It's looking like another of my sudden bursts of blog entries, folks. And who can blame my besieged mind for this fuselage of thought, if not eloquence?
There have been many lay-offs and a dearth of employment for quite a few in my circle of friends and family in the last few months. Quite a few hurt feelings and moments of doubt going around. It's happened to me before, and it has always set me thinking and introspecting. This one seems to have struck quite deeply at my personal worth and hope for our world.
I teach at-risk and troubled youth, those called nowadays "fragile; emotionally, socially or scholastically." Really, those who have a need for some special or personal attention in school. My program is off to the north of the main high school, and in attention and funding, has always been somewhat figuratively off to the north of the main school.

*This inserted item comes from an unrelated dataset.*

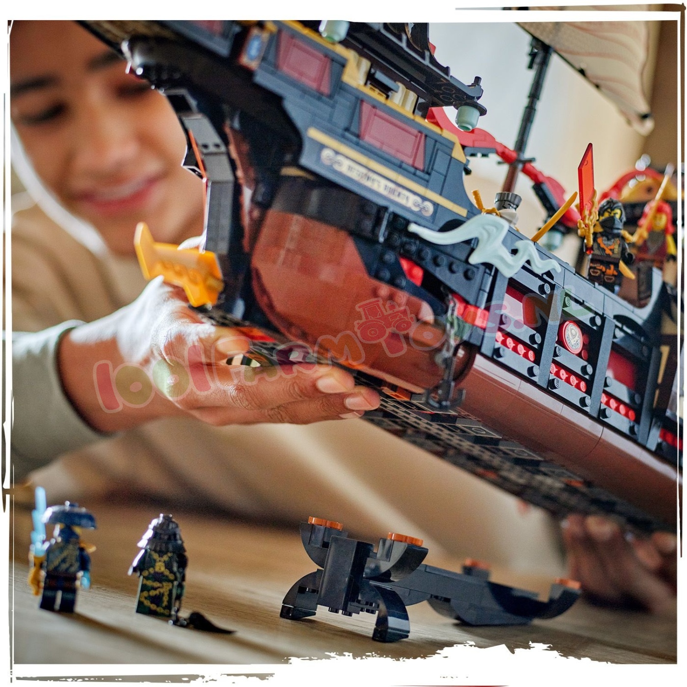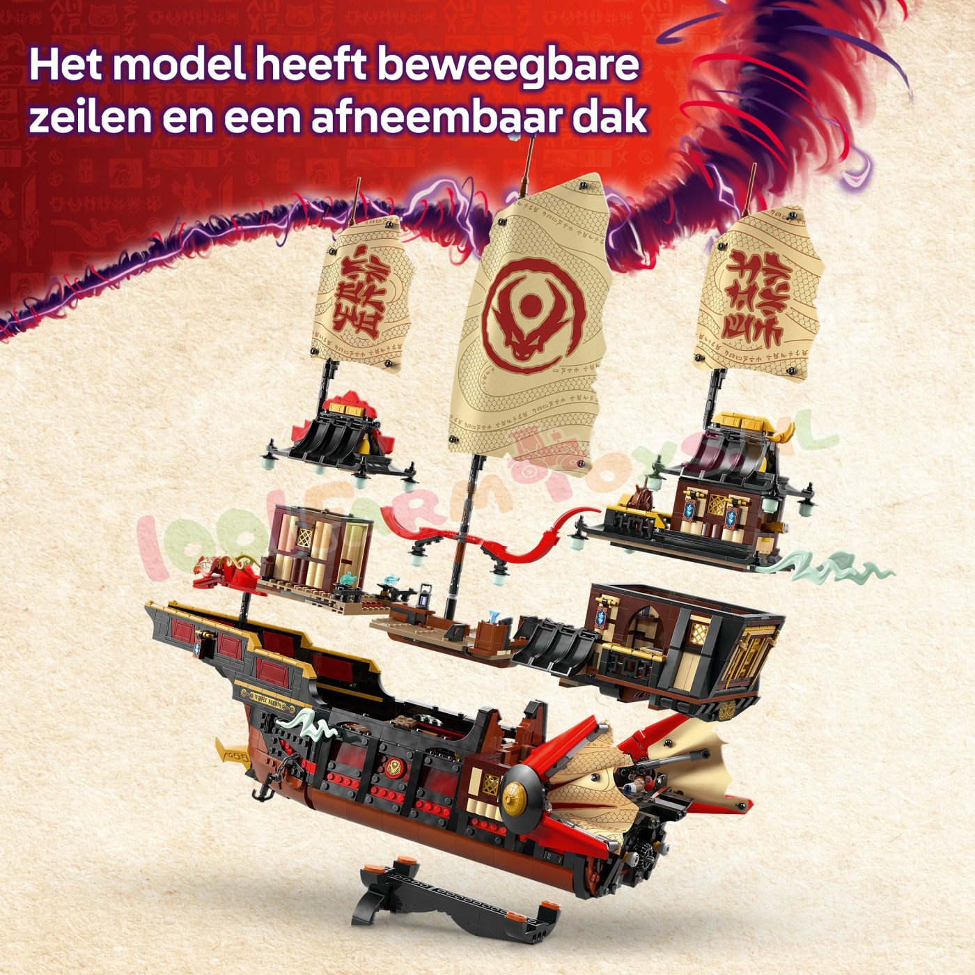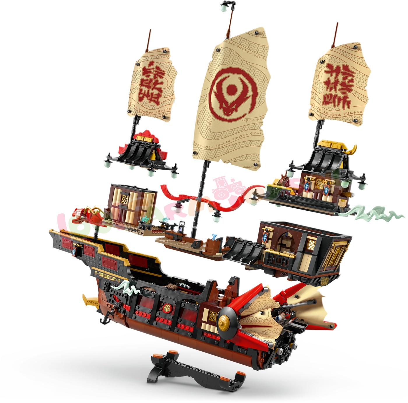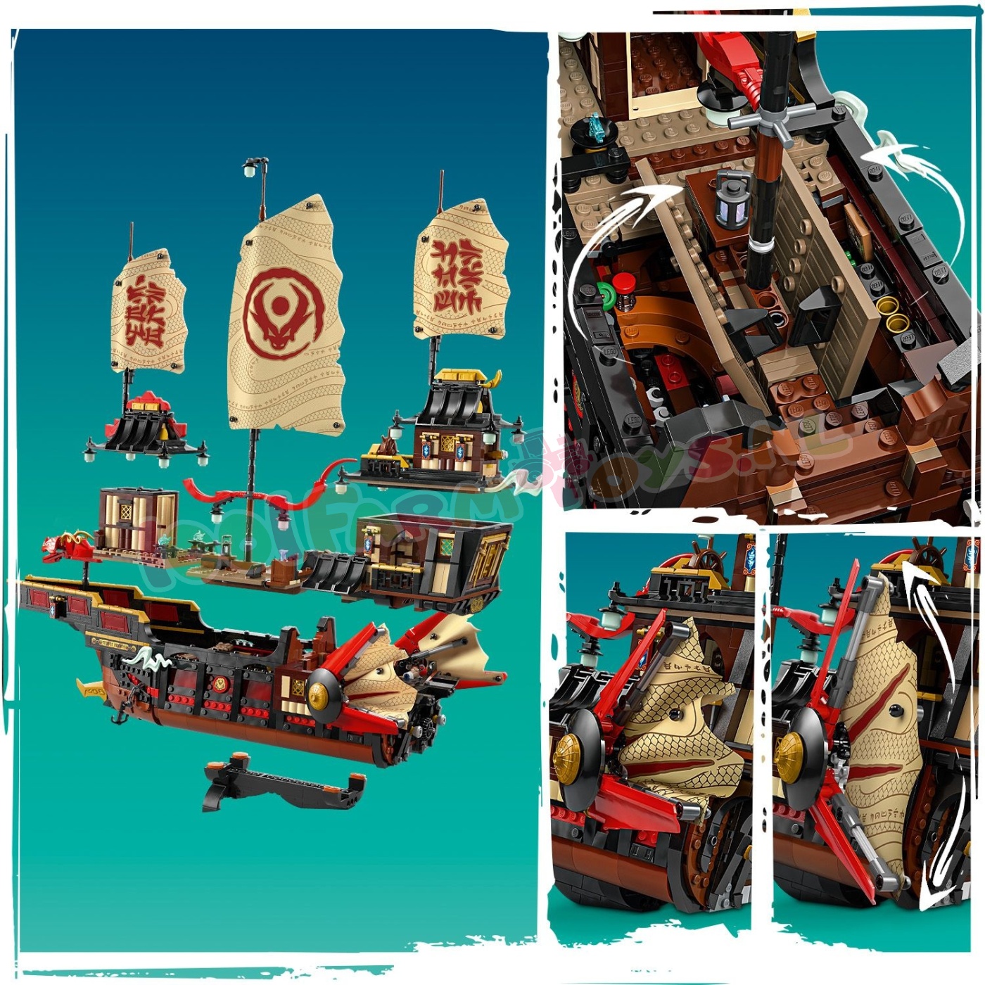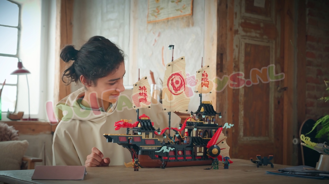 Deze set bevat alles wat ninjafans nodig hebben om verhalen uit seizoen 3 van de tv-serie NINJAGO De Drakenstrijd na te spelen: een tandwiel om de zeilen te openen en te sluiten. afneembare daken en vloeren om toegang te krijgen tot het interieur van het schip. Er is zelfs een sushibar en een tafel in de hoofdcabine die kan worden opgeklapt om een geheime computer te ontdekken.

I've been very attentive and what I hope has been helpful to the students, the administration and faculty of the high school. Though being naturally introspective and less than gregarious or perfectly confident in my social deportment, I have not been the most energetic or outgoing teacher in the school.
This is the rub. When one is released from employment, especially one that is seen as a labour of love or service, the released individual feels a personal responsibility, and indeed, fault for the lack of need for the services of that individual. I am haunted by regrets regarding my style of teaching and what I have felt for a while is a lack of inventiveness or energy for the sort of go-get-em activities which might have engendered more visibility or pizazz for our little program. But I have to remember the old "you can only do what you can do" concept. But I feel the pangs of real or irrational regret, nevertheless.
I feel very tired and inconsequential right now.
And there are no jobs here in Sanpete.
But we have always been taken care of, in spite of my shortcomings and weaknesses in the ways of the world, so we will go on with that continued faith.
Our world has been pretty shaken up, and looks to continue so for the foreseeable future. Wish us hope and the blessings that need come.